The court may have been confused as to the connotation of the words "business compulsion" in paragraph XIII of the findings, when it said: "It is true that Robert II. Grant in renegotiating to obtain all parcels of the Korn property acted under business compulsion." By the use of the term, the trial judge may have meant to employ a common and nonlegal meaning of the words as above stated.

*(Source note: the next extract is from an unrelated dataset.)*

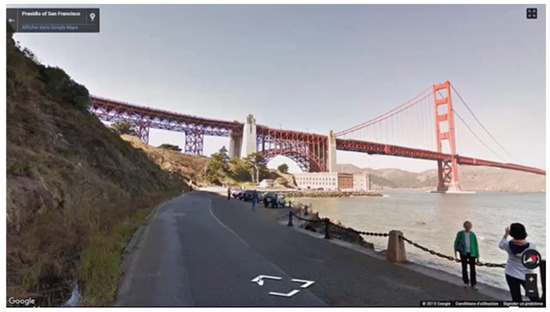 In 2007, French-Canadian artist Gregory Chatonsky completed Vertigo@home, an audiovisual work that reimagines Scottie’s peregrinations through San Francisco in Alfred Hitchcock’s Vertigo, using Google Streetview. Recalling pilgrimages that still exist to the film’s original shooting locations, Chatonsky leads us from the streets of Nob Hill to the Bay by following the white directional arrows of the navigation interface. Scottie (played by James Stewart) is, however, never visible, nor is any concrete action depicted. Vertigo is rather restituted or reassembled from a point of view that hangs over the streets and avenues, through the slightly elevated mechanical gaze of the Street Views cars that capture images of urban space (Figure 1 and Figure 2). Whenever the character is meant to enter a private residence, the screen turns black, marking the limit of what the navigation cameras can capture. The video thus takes on the aesthetics of a first-person video game or of a San Francisco-based round of GeoGuessr,1 particularly suited to a city that has itself been a pioneer in the development of urban cartographic visualization technologies.2 While the original narrative can no longer unfold, its path is maintained, especially as the soundtrack of Vertigo accompanies Chatonsky’s mechanical stroll, ensuring a sense of continuity between the shots.3 Scottie and Madeleine/Judy (both played by Kim Novak) are however replaced by anonymous passers-by, inadvertently caught by the Street View camera as they drift through the original film’s iconic locations (some places of the 1950s are still recognizable, while others have disappeared).
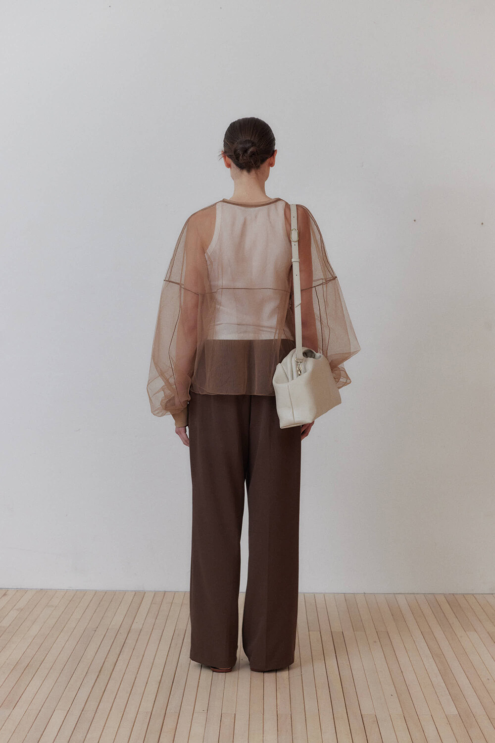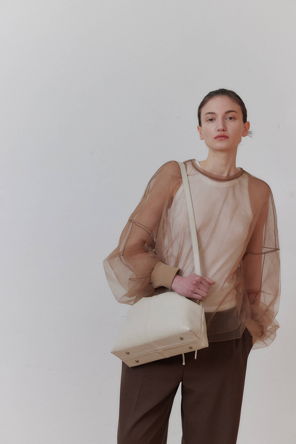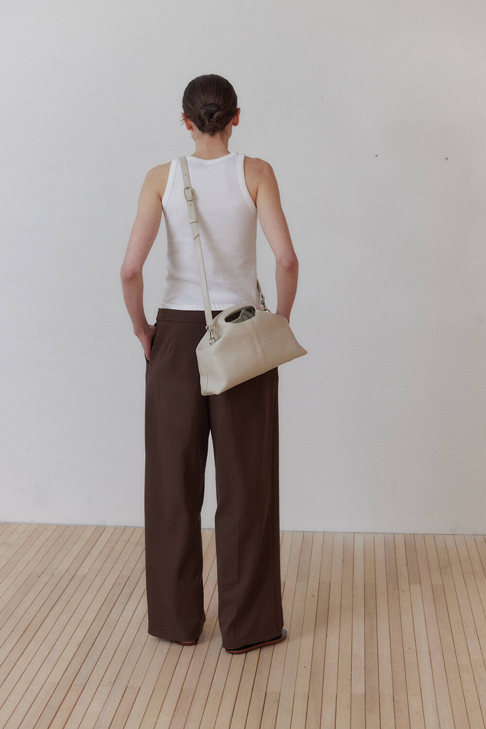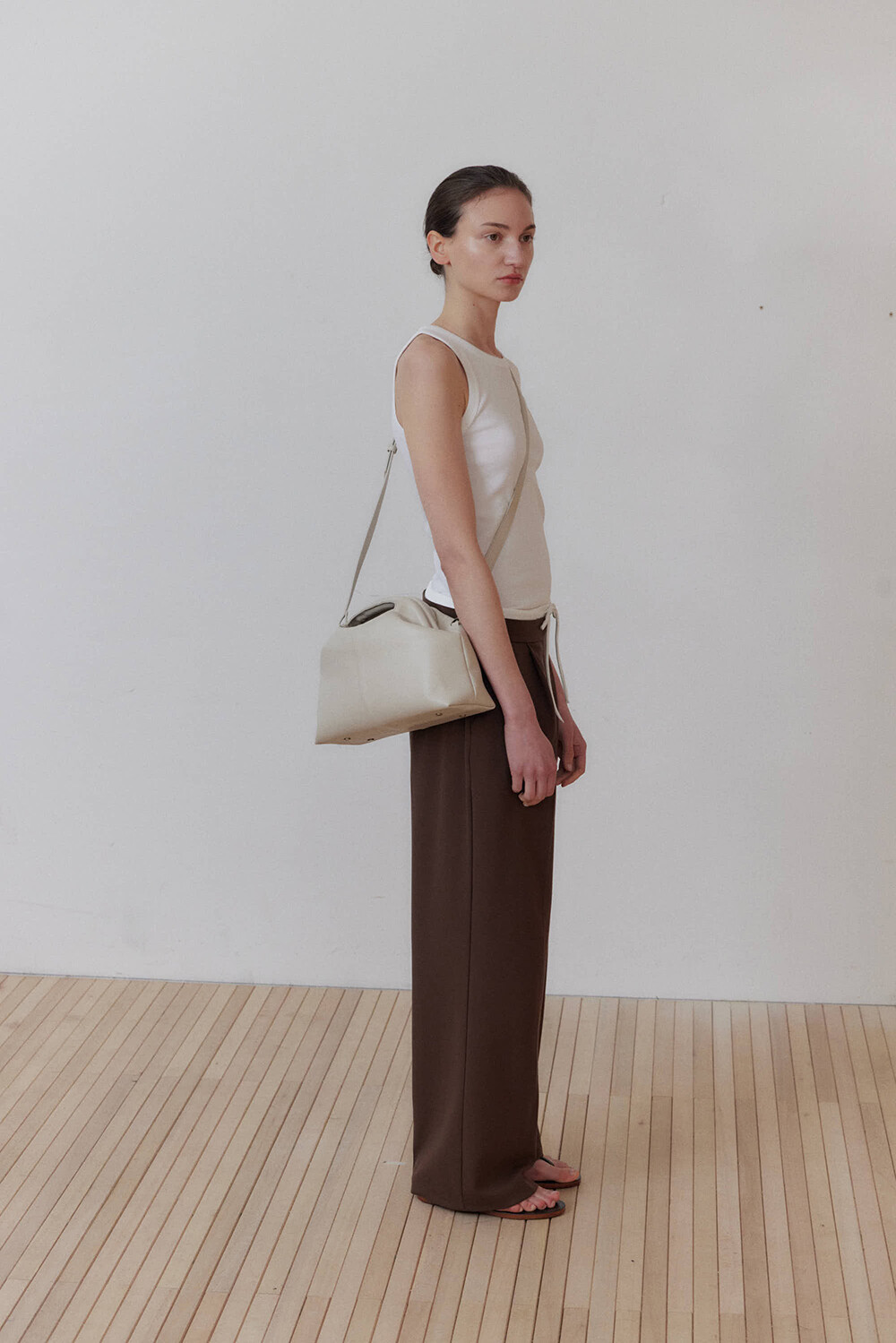 초기에는 가죽이 아직 길들여지지 않아 다소 볼륨감 있게 보일 수 있으며, 사용할수록 부드럽게 변하면서 매트한 실루엣으로 자리잡습니다.

[4] The conclusion of the court below that defendants cannot be amerced in damages by reason of the renegotiated contract is sound. The evidence on this subject is not in conflict; considered as a whole it shows definitely that the final agreement between the parties was not the result of duress, or, as it is sometimes called, "business compulsion." An amendment of the findings is necessary in connection with the affirmance of the judgment. ( Tupman v. Haberkern, 208 Cal. 256 [ 280 P. 970]; Johndrow v. Thomas, 31 Cal.2d 202, 207-208 [ 187 P.2d 681]; People v. Good, 223 Cal.App.2d 298, 302 [ 35 Cal.Rptr. 825] ; Strodel v. Wilcox, 137 Cal.App.2d 781, 786 [ 291 P.2d 95]; Beyl v. Yasukochi, 135 Cal.App.2d 638, 640-641 [ 287 P.2d 863]; Luce v. Sutton, 115 Cal.App.2d 428, 434-435 [ 252 P.2d 352]; People v. One 1949 Ford Tudor Sedan, 115 Cal.App.2d 157, 163 [ 251 P.2d 776]; Jud Whitehead Heater Co. v. Obler, 111 Cal.App.2d 861, 875 [ 248 P.2d 608]; Hucke v. Kader, 109 Cal.App.2d 224, 231 [ 240 P.2d 434]; Fitzsimmons v. Fitzsimmons, 72 Cal.App.2d 545, 549 [ 164 P.2d 934]; Cleverdon v. Gray, 62 Cal.App.2d 612, 620 [ 145 P.2d 95]; Klein v. Farmer, 57 Cal.App.2d 542, 548 [ 135 P.2d 21]; Cal. Const., art. VI, § 4 3/4; Code Civ. Proc., § 956a) The findings are amended as follows:
The second paragraph of finding XIII (page 29, lines 8 to 10 of the clerk's transcript) is corrected by the insertion of the word "not" before the word "true" to read: "It is not true that Robert H. Grant in renegotiating to obtain all parcels of the Korn property acted under business compulsion."
The judgment is affirmed.
Brown (Gerald), P.J., and Whelan, J., concurred.
A petition for a rehearing was denied May 24, 1965, and appellant's petition for a hearing by the Supreme Court was denied June 30, 1965.